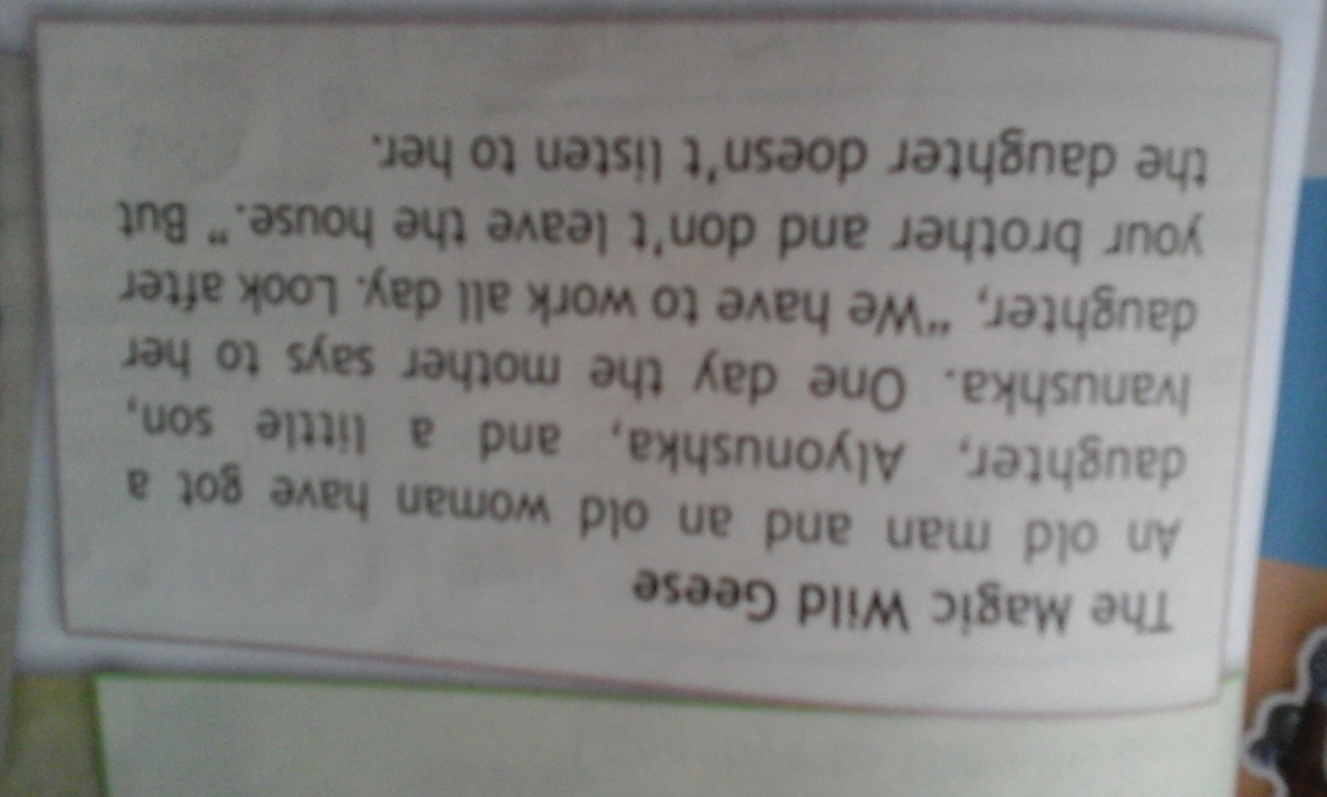 У старика(пожилого мужчины) и старухи(пожилой женщины) была дочь, Аленушка, и маленький сын, Иванушка.Однажды мать сказала дочери, "Мы работали весь день.Пригляди за своим братом ,и не покидайте дом." Но дочь не послушала её.
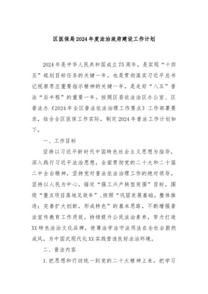/ 【七哥公文】2024年:区医保局2024年度法治政府建设工作计划+更多免费公文+VX:QiGeGongWen2024
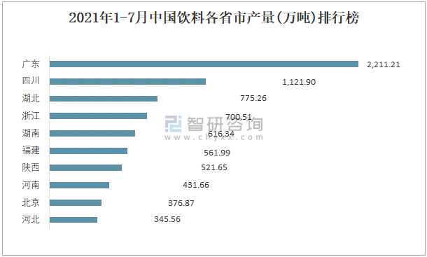 2021年1-7月中國(guó)飲料各省市產(chǎn)量排行榜

▶ **ACTION ITEM**: Where the material above includes pictures, omit them and retype everything else exactly.

▶ **RESPONSE**:
 У старика(пожилого мужчины) и старухи(пожилой женщины) была дочь, Аленушка, и маленький сын, Иванушка.Однажды мать сказала дочери, "Мы работали весь день.Пригляди за своим братом ,и не покидайте дом." Но дочь не послушала её.
/ 【七哥公文】2024年:区医保局2024年度法治政府建设工作计划+更多免费公文+VX:QiGeGongWen2024
 2021年1-7月中國(guó)飲料各省市產(chǎn)量排行榜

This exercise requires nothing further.